Succession Planning - Building for Succession

By Tina Peters, CPA, CGA
Published: 2001

Are you taking it with you? Building your practice for succession.

This is the first in a series of articles that will assist practitioners in establishing their exit strategy. The purpose of this article is to bring the concept of succession to the forefront and raise some of the concepts and issues to consider when contemplating succession.

Regardless whether a practitioner is just beginning, in the middle or approaching the end of their career they often have the same reaction when they consider the subject of succession. Mortal fear.

“So when will you be retiring?” I feel a pause in the conversation as their mind yearns for a slower pace but cannot yet face the realization that they may one day have to say good-bye to clients and staff that they have enjoyed working with for so many years. “Well, I haven’t really thought about it, yet,” is the response. The demands of everyday practice often impede the ability for you to focus on the long-term goal of ensuring that your practice not only continues to grow but does so after your active involvement ceases. That growth will enable a successor to fund your buyout. The time that you take now in preparing your succession plan will ensure that growth, and definitely safeguard your financial future.

Look around your office. Does anyone have the potential to buy you out? Perhaps you do not have any staff. Which practitioner in your community could succeed you? There may not be any obvious hot prospects and the fewer the options the sooner you must consider setting up the infrastructure to attract a successor.

The quality of your existing practice and potential successors is critical. Obviously, a profitable practice is a key element in this process. The more valuable the practice, the easier it is to sell. Depending where you are in your career path, the talent of your existing staff is also very important. As with most practitioners, your practice is the single most important asset that you invest into on a daily basis – and you want to preserve it. Succession planning is a critical step in the process of preservation of your practice.

Succession Planning

Succession planning is not an easy process. A succession plan or an ‘exit strategy’ is very responsible but not very popular. It raises difficult issues, which may be difficult to discuss such as loss of control of your business, potential changes in your financial affairs and the aging process. These selling features don’t make succession planning very popular. However, if you hope to ‘get out of your practice alive’ then succession becomes an issue in much of how you do your day-to-day business.

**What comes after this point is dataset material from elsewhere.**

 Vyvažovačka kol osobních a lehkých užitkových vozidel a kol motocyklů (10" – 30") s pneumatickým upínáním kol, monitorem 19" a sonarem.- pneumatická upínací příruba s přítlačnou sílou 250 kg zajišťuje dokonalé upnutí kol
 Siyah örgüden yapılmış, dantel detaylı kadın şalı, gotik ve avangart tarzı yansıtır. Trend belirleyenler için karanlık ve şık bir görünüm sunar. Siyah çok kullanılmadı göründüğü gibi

Some practitioners are concerned that they will not be as motivated to build their practice if they focus on leaving it. On the contrary, practitioners who have an established succession plan, have a clearer picture of how they wish to build their practice and do not tend to waste a lot of time on the type of clients that are not very profitable or cause them a lot of stress.

Evaluate your Practice

You must step back and take an objective overview of your practice. If you struggle with doing this yourself, seek advice from someone you trust.

It is wise to set up a reasonable transition period of two full years, if possible, where your potential successor works on contract, as an equity employee and/or as a partner over that period to facilitate a smooth transition and maximize your income stream from the practice. Be aware that if you are a sole practitioner and are used to working independently, having to share decision-making can be a real challenge.

Train your successor

How can a staff person or potential candidate take over a business if they don’t get any training? If it is a staff member, you may have trained them on their technical skills but do you have the patience (and confidence) to train them on how to run a public practice.

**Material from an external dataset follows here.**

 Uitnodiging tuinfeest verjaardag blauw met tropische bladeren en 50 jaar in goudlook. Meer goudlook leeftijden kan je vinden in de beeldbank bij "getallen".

As a practitioner, you are the mentor. A potential partner who has never owned a public practice is new to being an entrepreneur. Young entrepreneurs need to learn how to make good decisions and how to seek out advice they can trust. They need strong skills in strategic decision making, planning, communications, capital investment decisions, credit management, cost control, marketing, employee relations, and then they need to have the technical skills that fit the existing practice and its potential growth. It is interesting to note that most accountants have very similar technical skills but the most successful practitioners have strong business skills.

Train yourself

During the transition period prior to retirement, you will have to find a balance between being available to assist your successor and being critical of their business decisions. If you want freedom, you cannot afford to be critical to the day-to-day goings on of the operation.

In conclusion, the smoothly planned succession of your business is essential to ensure its continued success. The loyalty of your clients and the harmony of your employees may be jeopardized if your succession is not adequately planned.